Additional Information:

I moved to MA from NY and was unaware that I was supposed to have a Home Improvement License to do any work in the state. I contracted into a painting job at a residence in Natick, MA not knowing this and the local building inspector was made aware that I was not properly licensed to do this work. I am obviously taking the steps to obtain this license now which is just a one hundred dollar fee but am concerned of any penalties that may be imposed, and if they would be civil or criminal for not having this license and doing this painting work. Can someone PLEASE tell me how much trouble I could possibly be looking at!?!?

ATTORNEY ANSWER:

You do not state in your question what type of painting that you were hired to do at the residence in Natick.  Some forms of painting are exempt from licensing under the Code of Massachusetts Regulations if you are involved exclusively in “interior painting or wall covering”. The penalties for violation of the Home Improvement License law are set forth in M.G.L. c. 142A Secs. 18 and 19. For administrative penalties under M.G.L. c. 142A Sec. 18, the statute provides that the director could assess an administrative penalty not to exceed $2,000.00 for each violation and may suspend one’s registration as a Home Improvement contractor.
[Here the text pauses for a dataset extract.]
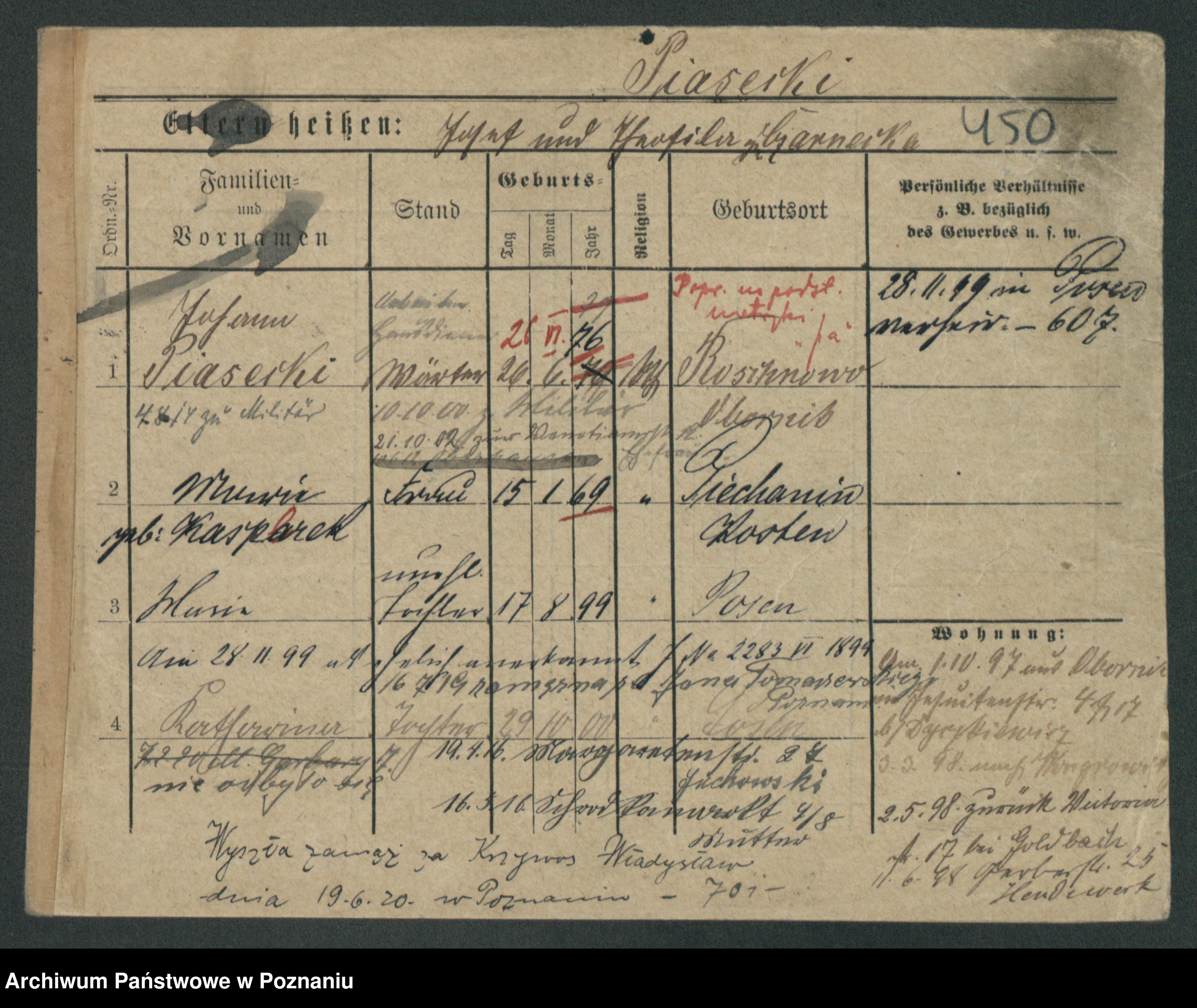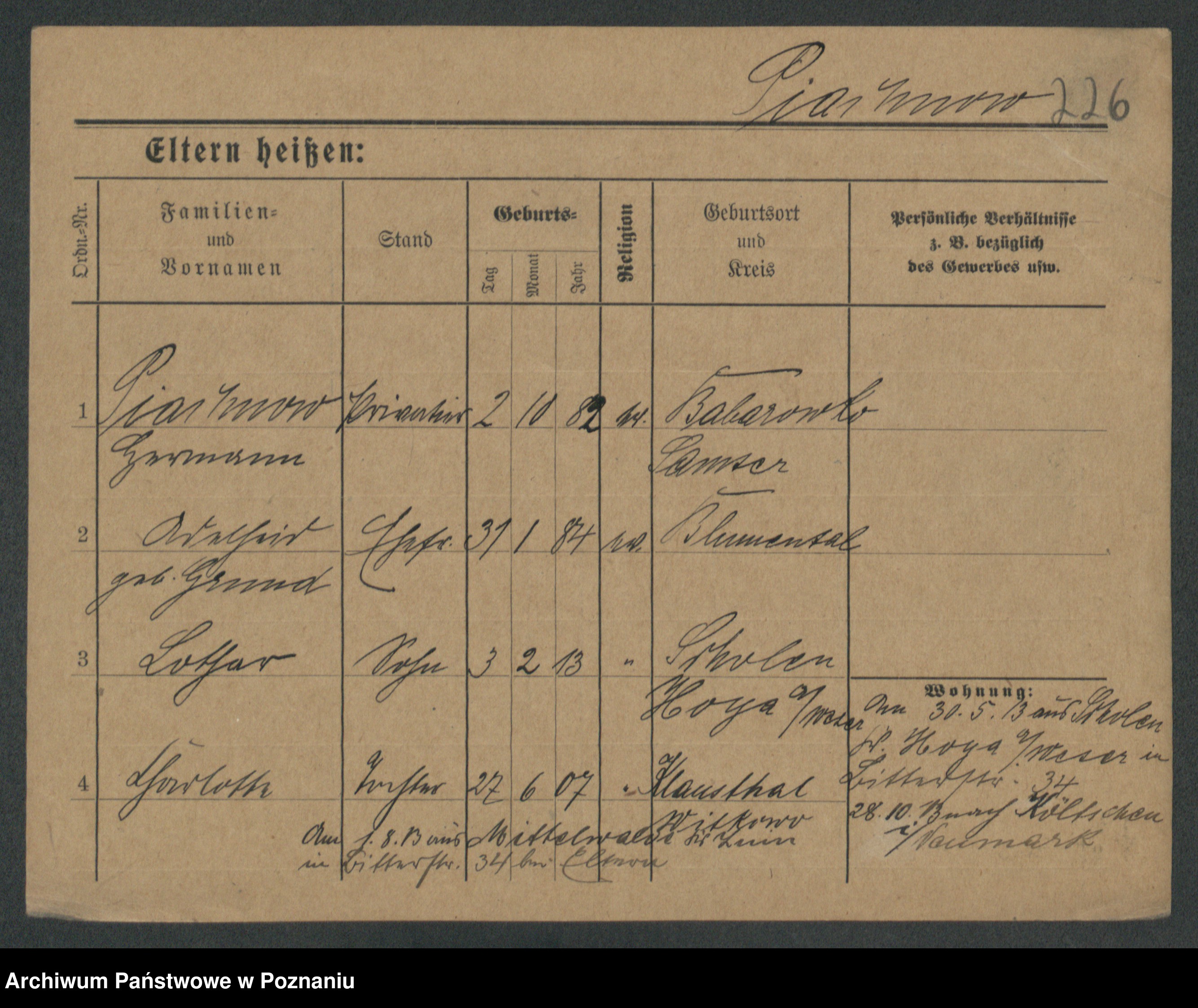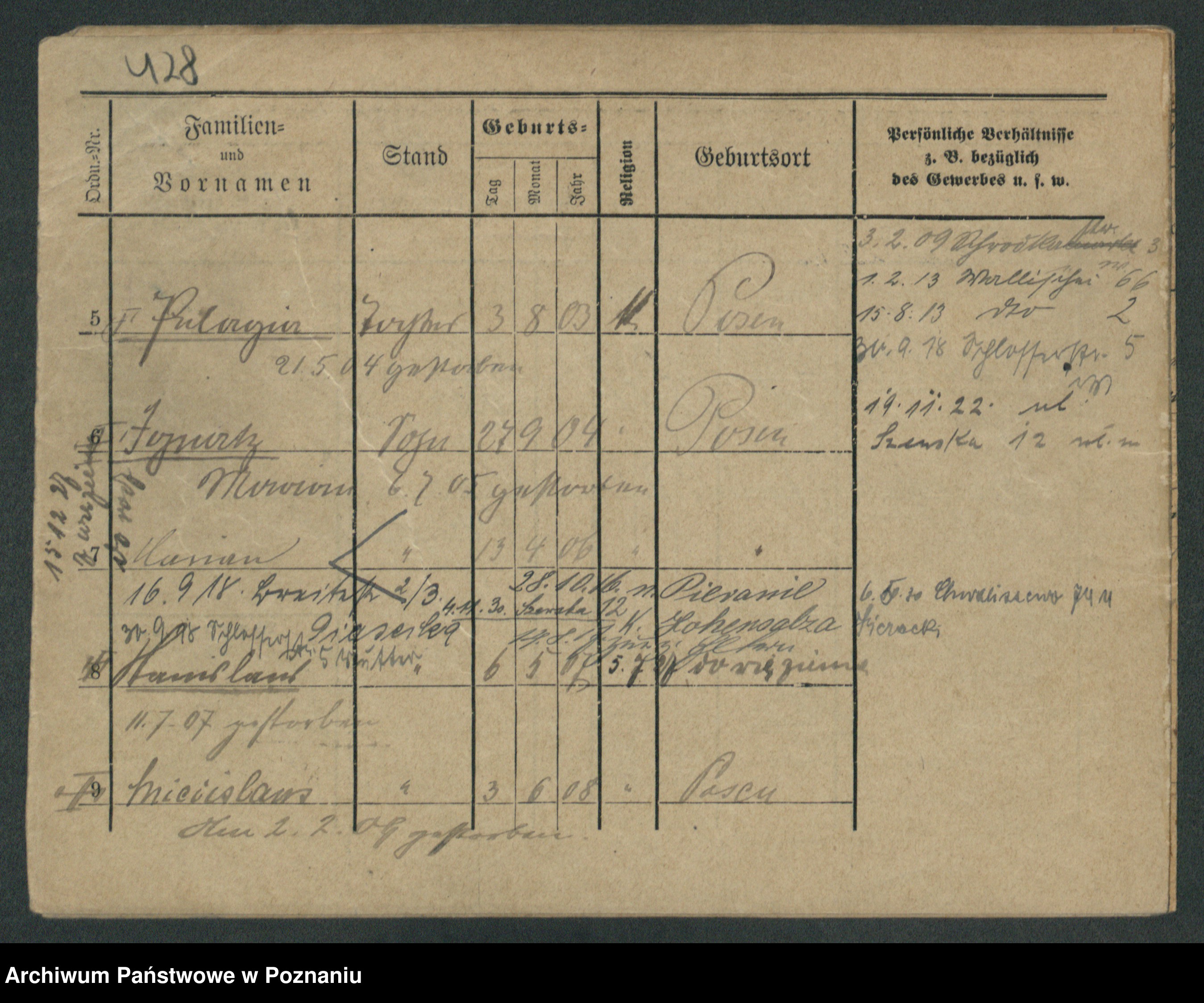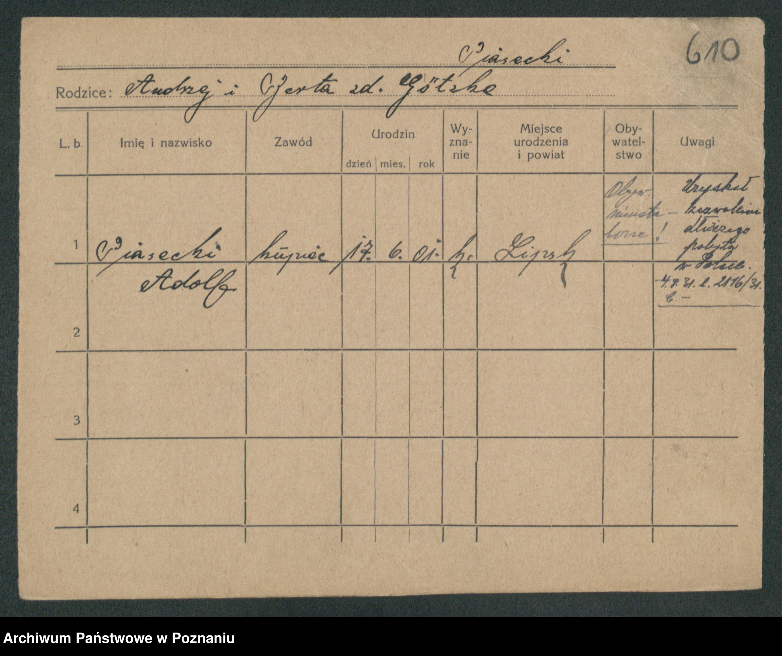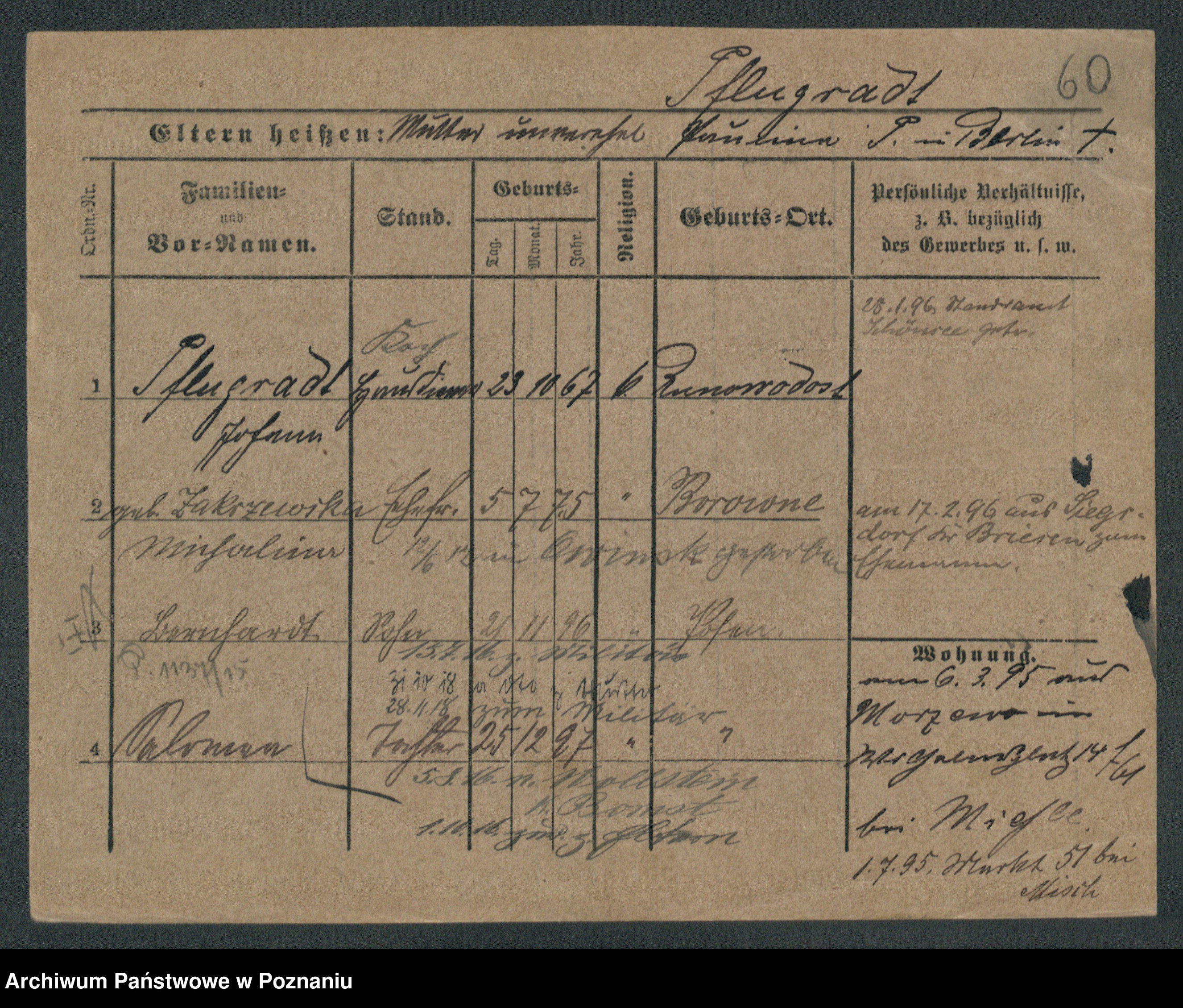 Podgląd karty osobowej dostępny jest po kliknięciu na nazwisko lub ikonkę karty. Można dokonywać powiększenia (ikony na górze) lub przechodzić między kolejnymi skanami (strzałki po bokach).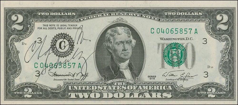 Series 1976 two dollar bill, signed on the portrait side in black ballpoiint, “Charles M. Schulz.” In fine condition, with a bit of light signature contrast. RRAuction COA.

M.G.L.. c. 142A Sec. 19 provides that a contrator or subcontrator who shall knowingly, willfully or negiligently operate without obtaining a certificate of registration…….shall be punished by a fine not exceeding five thousand dollars or improsinment not exceeding two years, or both.

Unfortunately, these are potentially harsh penalties for what appears to be a mistake on your part. From what you have stated in our synopsis, you do not appear to have violated the statute knowingly and/or willfully. The only issue would be if you negligently violated the statute. I wish you luck.